WHAT IS REQUIRED:
Provide the entries once more, identical in every word.

(DATA FOR THIS TASK begins)

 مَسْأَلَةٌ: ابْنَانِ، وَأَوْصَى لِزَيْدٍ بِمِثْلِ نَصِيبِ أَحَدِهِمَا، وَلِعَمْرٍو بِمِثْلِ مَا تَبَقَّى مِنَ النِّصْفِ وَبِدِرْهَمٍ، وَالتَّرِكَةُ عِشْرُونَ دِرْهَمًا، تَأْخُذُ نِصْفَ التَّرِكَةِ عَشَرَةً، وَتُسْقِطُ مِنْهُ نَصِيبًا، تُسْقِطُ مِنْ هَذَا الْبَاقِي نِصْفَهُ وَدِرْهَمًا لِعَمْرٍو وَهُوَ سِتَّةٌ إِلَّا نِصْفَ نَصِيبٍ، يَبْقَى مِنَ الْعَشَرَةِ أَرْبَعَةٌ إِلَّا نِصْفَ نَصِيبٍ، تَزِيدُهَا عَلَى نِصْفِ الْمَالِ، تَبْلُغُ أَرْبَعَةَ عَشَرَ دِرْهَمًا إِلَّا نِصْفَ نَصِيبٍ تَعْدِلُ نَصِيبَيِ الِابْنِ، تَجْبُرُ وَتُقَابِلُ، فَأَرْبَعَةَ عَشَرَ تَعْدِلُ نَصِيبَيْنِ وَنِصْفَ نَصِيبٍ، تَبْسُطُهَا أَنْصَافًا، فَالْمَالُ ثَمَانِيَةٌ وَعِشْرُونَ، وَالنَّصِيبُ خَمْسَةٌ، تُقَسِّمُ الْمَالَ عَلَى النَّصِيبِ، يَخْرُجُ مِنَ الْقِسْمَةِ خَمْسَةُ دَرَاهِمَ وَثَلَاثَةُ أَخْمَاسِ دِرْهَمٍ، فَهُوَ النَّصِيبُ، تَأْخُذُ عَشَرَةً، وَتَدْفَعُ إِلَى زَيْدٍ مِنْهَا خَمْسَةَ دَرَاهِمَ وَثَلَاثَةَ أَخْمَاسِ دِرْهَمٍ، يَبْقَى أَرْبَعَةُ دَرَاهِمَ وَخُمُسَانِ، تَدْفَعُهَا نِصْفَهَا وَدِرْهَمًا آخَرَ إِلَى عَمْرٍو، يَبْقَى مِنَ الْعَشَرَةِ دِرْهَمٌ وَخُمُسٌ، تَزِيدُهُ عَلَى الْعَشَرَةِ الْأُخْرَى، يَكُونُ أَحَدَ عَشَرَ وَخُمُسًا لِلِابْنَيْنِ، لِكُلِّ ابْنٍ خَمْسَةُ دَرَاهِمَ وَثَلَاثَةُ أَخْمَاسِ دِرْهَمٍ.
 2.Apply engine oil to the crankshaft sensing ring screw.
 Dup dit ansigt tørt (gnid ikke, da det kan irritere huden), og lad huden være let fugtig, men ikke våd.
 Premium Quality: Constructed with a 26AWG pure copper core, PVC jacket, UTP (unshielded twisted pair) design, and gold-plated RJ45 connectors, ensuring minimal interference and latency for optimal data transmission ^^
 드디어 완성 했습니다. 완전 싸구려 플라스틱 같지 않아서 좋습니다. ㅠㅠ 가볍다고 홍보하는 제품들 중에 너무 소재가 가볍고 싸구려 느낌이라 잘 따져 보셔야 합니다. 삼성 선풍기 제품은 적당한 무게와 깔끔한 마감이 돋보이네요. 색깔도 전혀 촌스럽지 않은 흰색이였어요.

(DATA FOR THIS TASK ends)

EXPECTED OUTPUT:
 مَسْأَلَةٌ: ابْنَانِ، وَأَوْصَى لِزَيْدٍ بِمِثْلِ نَصِيبِ أَحَدِهِمَا، وَلِعَمْرٍو بِمِثْلِ مَا تَبَقَّى مِنَ النِّصْفِ وَبِدِرْهَمٍ، وَالتَّرِكَةُ عِشْرُونَ دِرْهَمًا، تَأْخُذُ نِصْفَ التَّرِكَةِ عَشَرَةً، وَتُسْقِطُ مِنْهُ نَصِيبًا، تُسْقِطُ مِنْ هَذَا الْبَاقِي نِصْفَهُ وَدِرْهَمًا لِعَمْرٍو وَهُوَ سِتَّةٌ إِلَّا نِصْفَ نَصِيبٍ، يَبْقَى مِنَ الْعَشَرَةِ أَرْبَعَةٌ إِلَّا نِصْفَ نَصِيبٍ، تَزِيدُهَا عَلَى نِصْفِ الْمَالِ، تَبْلُغُ أَرْبَعَةَ عَشَرَ دِرْهَمًا إِلَّا نِصْفَ نَصِيبٍ تَعْدِلُ نَصِيبَيِ الِابْنِ، تَجْبُرُ وَتُقَابِلُ، فَأَرْبَعَةَ عَشَرَ تَعْدِلُ نَصِيبَيْنِ وَنِصْفَ نَصِيبٍ، تَبْسُطُهَا أَنْصَافًا، فَالْمَالُ ثَمَانِيَةٌ وَعِشْرُونَ، وَالنَّصِيبُ خَمْسَةٌ، تُقَسِّمُ الْمَالَ عَلَى النَّصِيبِ، يَخْرُجُ مِنَ الْقِسْمَةِ خَمْسَةُ دَرَاهِمَ وَثَلَاثَةُ أَخْمَاسِ دِرْهَمٍ، فَهُوَ النَّصِيبُ، تَأْخُذُ عَشَرَةً، وَتَدْفَعُ إِلَى زَيْدٍ مِنْهَا خَمْسَةَ دَرَاهِمَ وَثَلَاثَةَ أَخْمَاسِ دِرْهَمٍ، يَبْقَى أَرْبَعَةُ دَرَاهِمَ وَخُمُسَانِ، تَدْفَعُهَا نِصْفَهَا وَدِرْهَمًا آخَرَ إِلَى عَمْرٍو، يَبْقَى مِنَ الْعَشَرَةِ دِرْهَمٌ وَخُمُسٌ، تَزِيدُهُ عَلَى الْعَشَرَةِ الْأُخْرَى، يَكُونُ أَحَدَ عَشَرَ وَخُمُسًا لِلِابْنَيْنِ، لِكُلِّ ابْنٍ خَمْسَةُ دَرَاهِمَ وَثَلَاثَةُ أَخْمَاسِ دِرْهَمٍ.
 2.Apply engine oil to the crankshaft sensing ring screw.
 Dup dit ansigt tørt (gnid ikke, da det kan irritere huden), og lad huden være let fugtig, men ikke våd.
 Premium Quality: Constructed with a 26AWG pure copper core, PVC jacket, UTP (unshielded twisted pair) design, and gold-plated RJ45 connectors, ensuring minimal interference and latency for optimal data transmission ^^
 드디어 완성 했습니다. 완전 싸구려 플라스틱 같지 않아서 좋습니다. ㅠㅠ 가볍다고 홍보하는 제품들 중에 너무 소재가 가볍고 싸구려 느낌이라 잘 따져 보셔야 합니다. 삼성 선풍기 제품은 적당한 무게와 깔끔한 마감이 돋보이네요. 색깔도 전혀 촌스럽지 않은 흰색이였어요.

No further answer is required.